Public naming of the Spanish football federation president adds to embarrassment for UEFA, European football’s governing body, where Villar is the highest-ranking elected official after Platini was suspended by FIFA pending his ethics inquiry. 

Beckenbauer and former Spain international Villar were members of FIFA’s much-discredited executive committee when it chose Russia and Qatar as future World Cup hosts in December 2010. 

Ten of the 24 executive committee members in 2010 have now been banned or suspended from duty by the ethics panel. 

“If two other countries had emerged from the envelope, I think we would not have these problems today,” Blatter told the FIFA Congress in May. 

Beckenbauer’s refusal 

The Russian and Qatari wins – over losing bidders including England, Australia and the United States – provoked rifts among former allies and intense scrutiny of allegations of bribery, financial favours and rules-breaking voting pacts. 

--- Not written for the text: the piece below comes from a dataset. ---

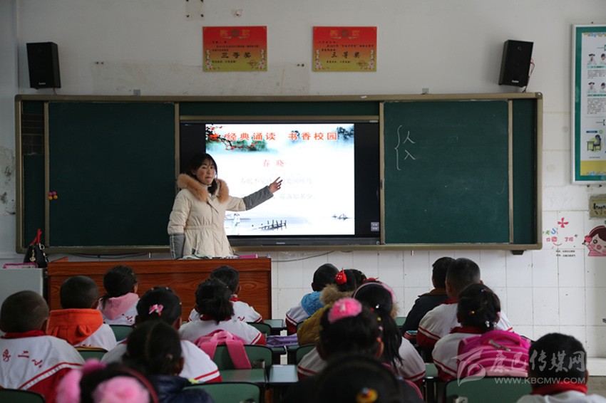 道孚縣二完小學(xué)生誦讀經(jīng)典古詩(shī)。

Under pressure to investigate the allegations seriously, FIFA appointed former US Attorney Michael Garcia in July 2012 as its ethics prosecutor. 

Garcia delivered his investigation report to Eckert in September 2014 only after finding trouble dealing with Beckenbauer and Villar. 

Beckenbauer, who captained and coached World Cup-winning West Germany teams, twice refused to meet with Garcia and was barred from travelling to the World Cup in Brazil by a provisional suspension. It was lifted during the tournament when he sent answers to Garcia. 

Villar, a lawyer who chairs FIFA’s legal committee, tried to have Garcia thrown off the case in March 2014 after the prosecutor came to Zurich to question FIFA officials.